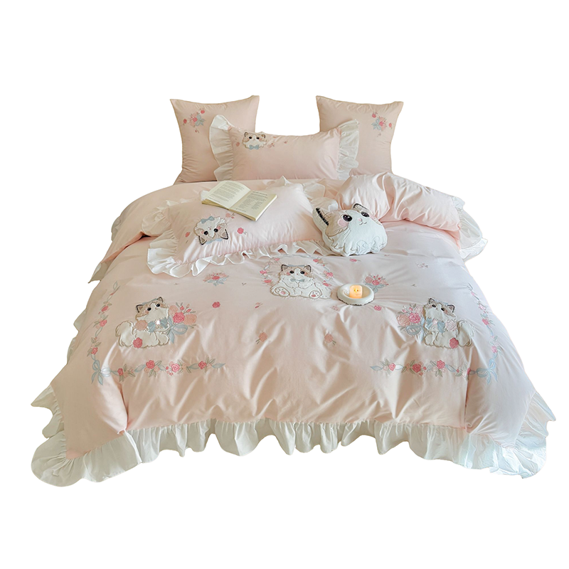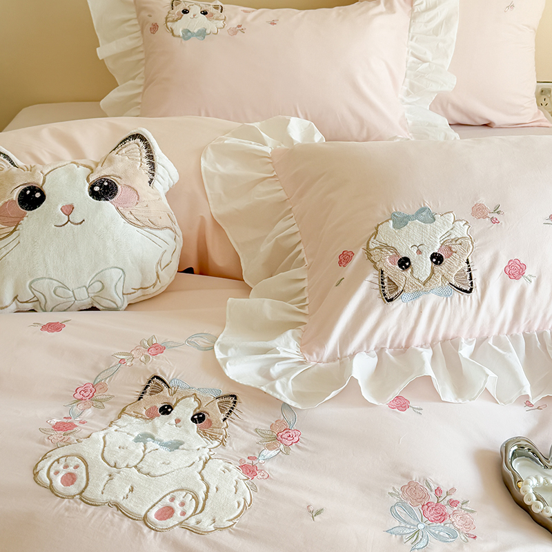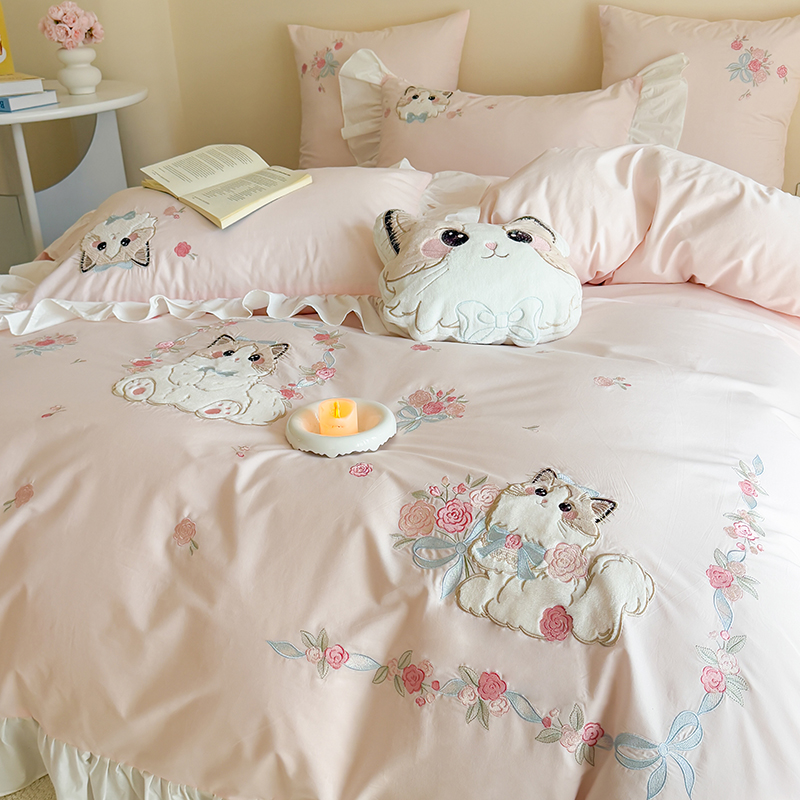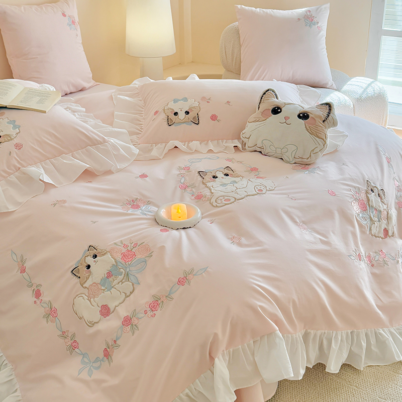 可爱少女卡通全棉水洗棉床上四件套猫咪刺绣被套床单儿童纯棉床品
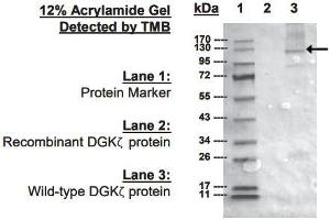 DGK catalyzes a reaction terminating the protein kinase C (PKC)mediated signaling by converting diacylglycerol (DAG) to phosphatidic acid (PA), a signaling lipid which is involved in DNA synthesis, phospholipid synthesis, and regulation of several enzymes. DAG is an intermediate in phospholipid synthesis which functions as an allosteric activator of PKC. Research shows the zeta isoform of DGK undergoes tissue-specific alternative splicing resulting in an elongated N terminus enzyme predominantly in muscle.
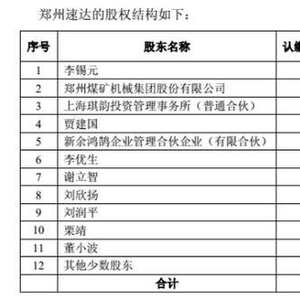 工商信息显示,郑州速达工业机械服务股份有限公司成立于2009年7月7日,注册资本5515万元,根据郑煤机2018年12月18日公告显示,第一大股东为李锡元持有31.1%股份,郑煤机持股30.83%为其第二大股东。投实APP,情报级金融信息终端
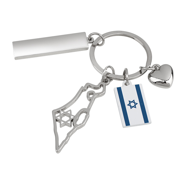 מחזיק מפתחות מתכתי "מפת ישראל עם מגן דוד, לב ודגל ישראל" דגם 5376
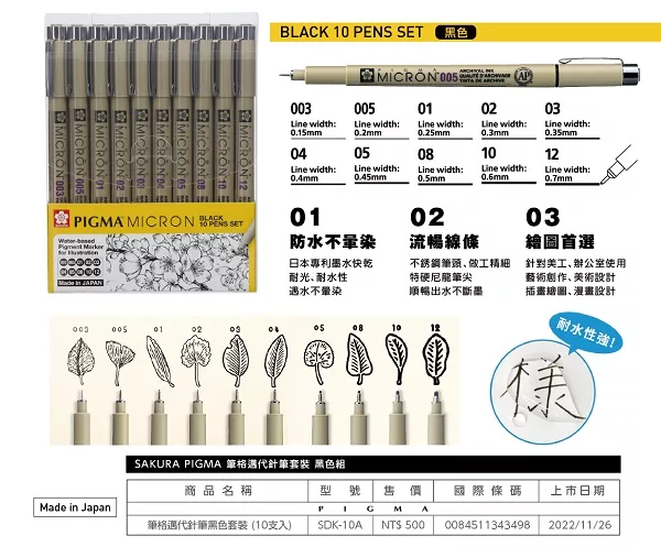 • 商品名稱 : 日本SAKURA櫻花 筆格邁 黑色代針筆組10支入
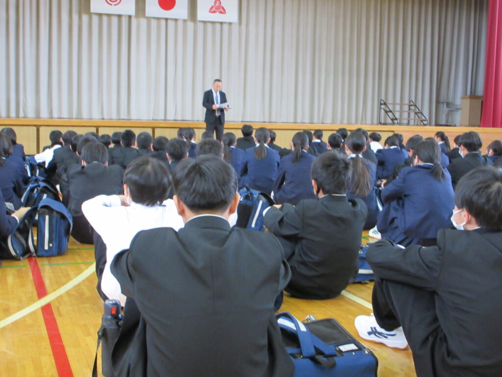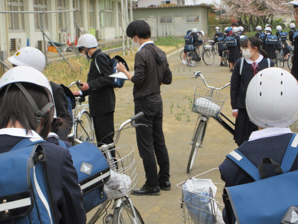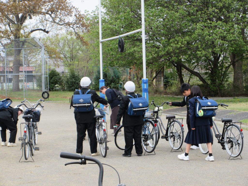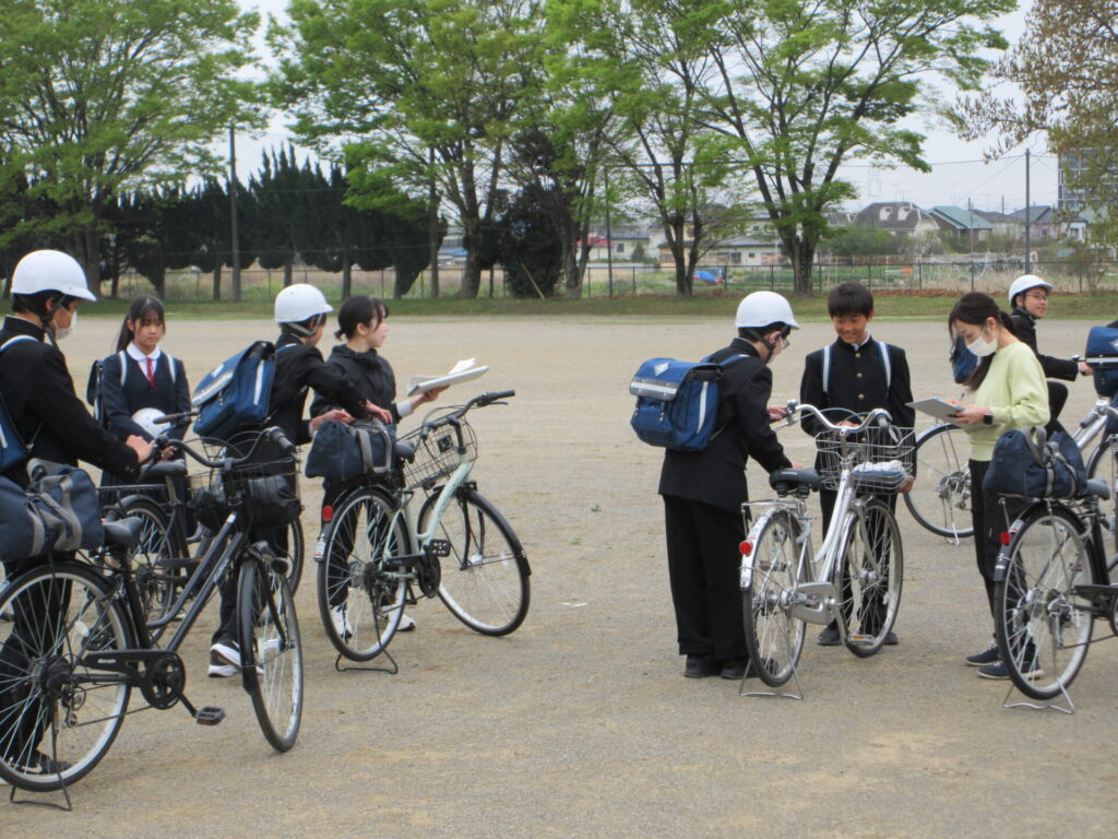 6校時に通学路確認と自転車点検を行いました。通学路確認に先立って、安全主任と校長からそれぞれ安全に関する話があり、「自分の命は自分で守る」「そのためにも、安全に乗るための点検や自転車の乗り方、自転車のルールを守ることが大事」といったことを指導しました。自転車点検でチェックされた項目があった人は、明日には必ず改善しておきましょう。
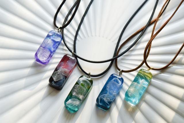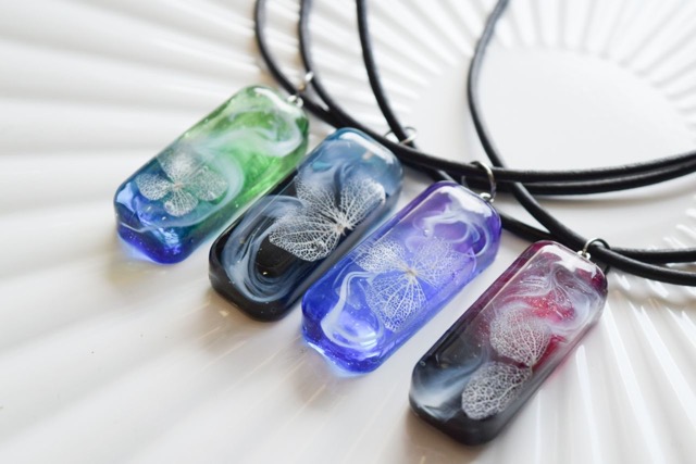 - ドライフラワーのレジンアクセサリーはたくさんありますが、 紫陽花だけを使って、最大限の良さを使えることに徹しております。レジンに封入するときは、屈折により拡大して見える葉脈の透け感を見せるために、ちぎれていない花びらのみ厳選して使っているところがこだわりです。葉脈を最大限に見せるために《ガラスみたい》といわれる透明感と標本のようなデザインを是非直接店頭にて見て頂きたいです。
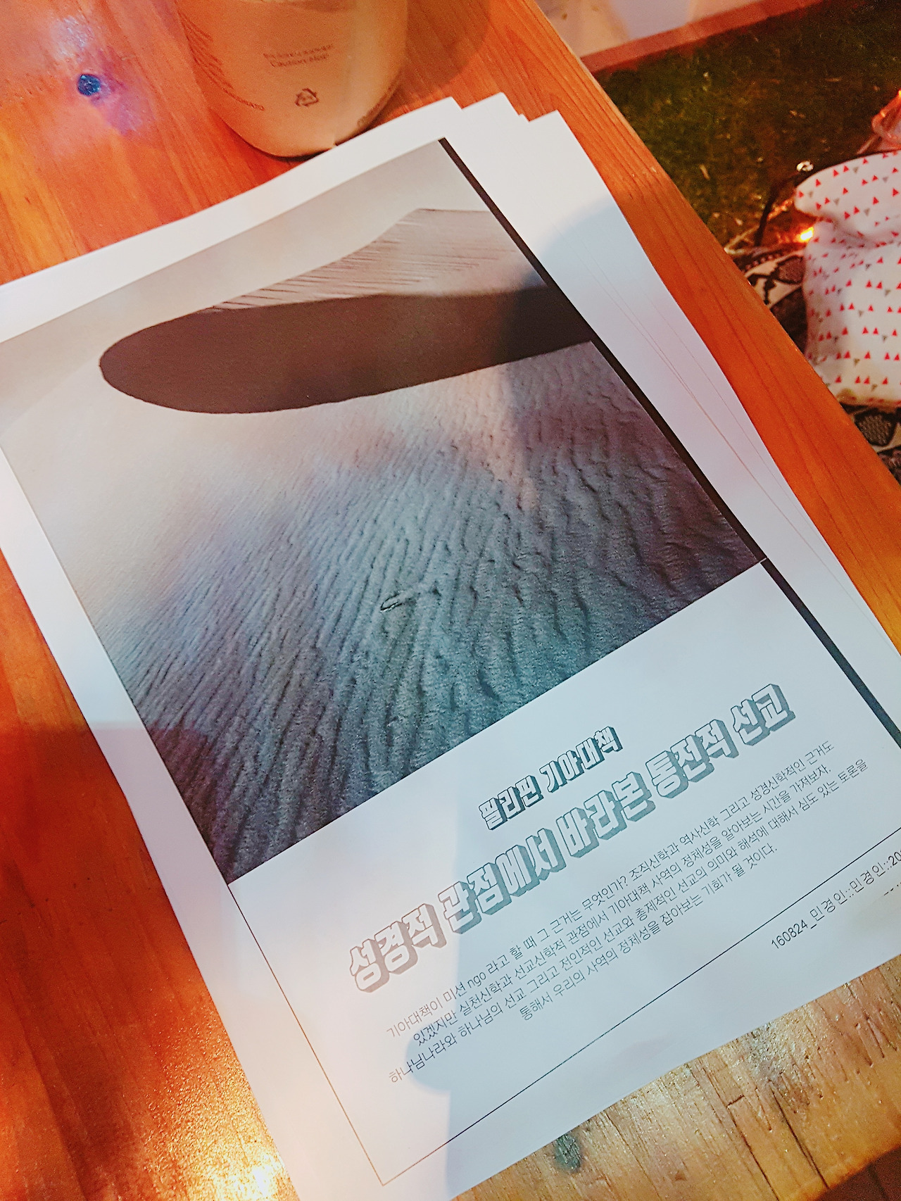 필리핀에서 사역하시는 기대봉사단 선교사님들과 하나님나라와 일상의 변화에 대한 논문을 읽고 토론 중이다. 역시 전문가들의 이야기의 질이 다르다.
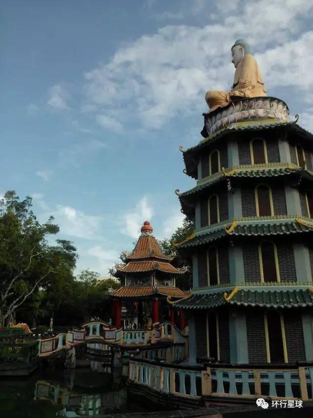 难得有一处景色仿佛有一丝丝宁静和谐的感觉,但是这个全园最高的建筑物,塔顶佛祖,需要重点介绍一下。一到晚上,这个佛祖就会被打上绿色灯光,搞的我一度从虎豹别墅地铁站出来之后需要从惨绿惨绿的佛祖眼皮底下溜走,因此吟出了开头的千古名句。
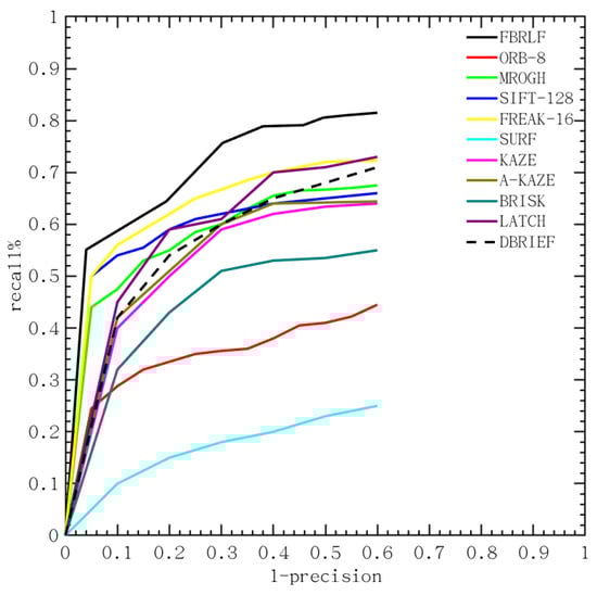 As illustrated in Figure 25, the proposed FBRLF algorithm performs the best in all types of the Oxford data set, such as Graffiti, Boat, Wall and so on. Notably, the FREAK, BRIEF, ORB and BRISK are faster than the proposed FBRLF, but the proposed FBRLF can achieve the highest precision-recall curve than that of those methods. The proposed FBRLF also can achieve better performance than the descriptor learning methods, including LATCH and DBRIEF. In addition, although FBRLF is slower than that of the ORB and FREAK in the description phase, the FBRLF can obtain the best precision-recall curve than those methods as it can be seen from Table 6. The FBRLF method has utilized rotation-invariant features by fixating feature point rotation at various angles, and consequently leaded slightly increasing matching time than that of the ORB. Meanwhile, the FBRLF method requires the lowest storage requirement as that of the ORB. Finally, the proposed FBRLF method not only demonstrates good precision-recall performance, but also efficient on computation and storage.
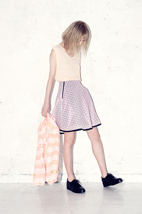 その他、少し艶感のある素材を使用したボトムや、メッシュのトップスなど、快活な表情を持つ洋服も見られる。今シーズンは、上質な素材使いと華やかなカラーを取り入れ、天真爛漫な女性にふさわしい洋服を提案した。
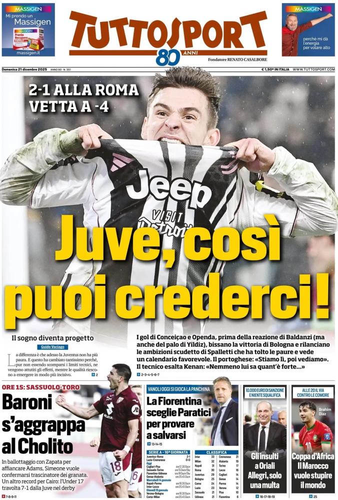 JUVE: IL SOGNO DIVENTA PROGETTO - Entusiasmo alle stelle in casa bianconera dopo il 2-1 alla Roma. Il titolo «Juve, così puoi crederci!» lancia la volata scudetto con la vetta ora distante solo 4 punti. - I gol di Conceiçao e Openda, uniti alla reazione dopo il gol di Baldanzi e il palo di Yildiz, rilanciano le ambizioni di Luciano Spalletti. Il tecnico esalta il gruppo e Kenan Yildiz: «Nemmeno lui sa quant'è forte». Il calendario ora è favorevole.
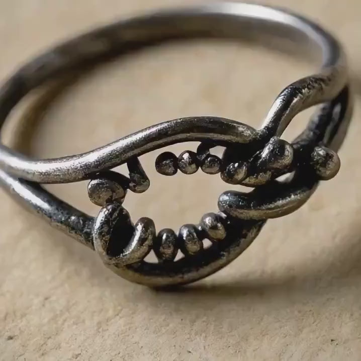 Each piece is artisan-made using 925 sterling silver, carefully oxidized for a vintage, rustic finish. The free-form structure and beaded accents make this ring one-of-a-kind, ideal for women who embrace individuality and artistic expression.
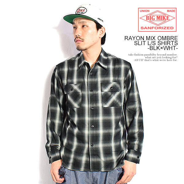 BIG MIKE ビッグマイク RAYON MIX OMBRE SLIT L/S SHIRTS -BLK×WHT- メンズ シャツ 長袖 チェックシャツ レーヨンシャツ atftps
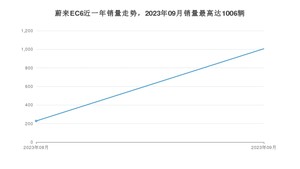 2023年9月,蔚来EC6销量为1006辆,环比增长341.23%。2022年09月-2023年09月份,蔚来EC6销量为1234辆,
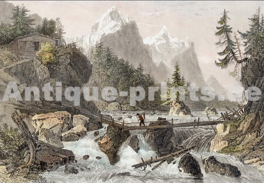 Italy. Original wood engraving drawn by Niederhausern-Koechlin. 1878. Very good condition. Hand-coloured. 19x13cm. Matted.

• Exercise prompt
If a line falls between the one containing "2023年9月,蔚来EC6销" and the last line of the records above, inclusive, restate it exactly; leave out the pictures and everything else.

• Reply to the exercise
 2023年9月,蔚来EC6销量为1006辆,环比增长341.23%。2022年09月-2023年09月份,蔚来EC6销量为1234辆,
 Italy. Original wood engraving drawn by Niederhausern-Koechlin. 1878. Very good condition. Hand-coloured. 19x13cm. Matted.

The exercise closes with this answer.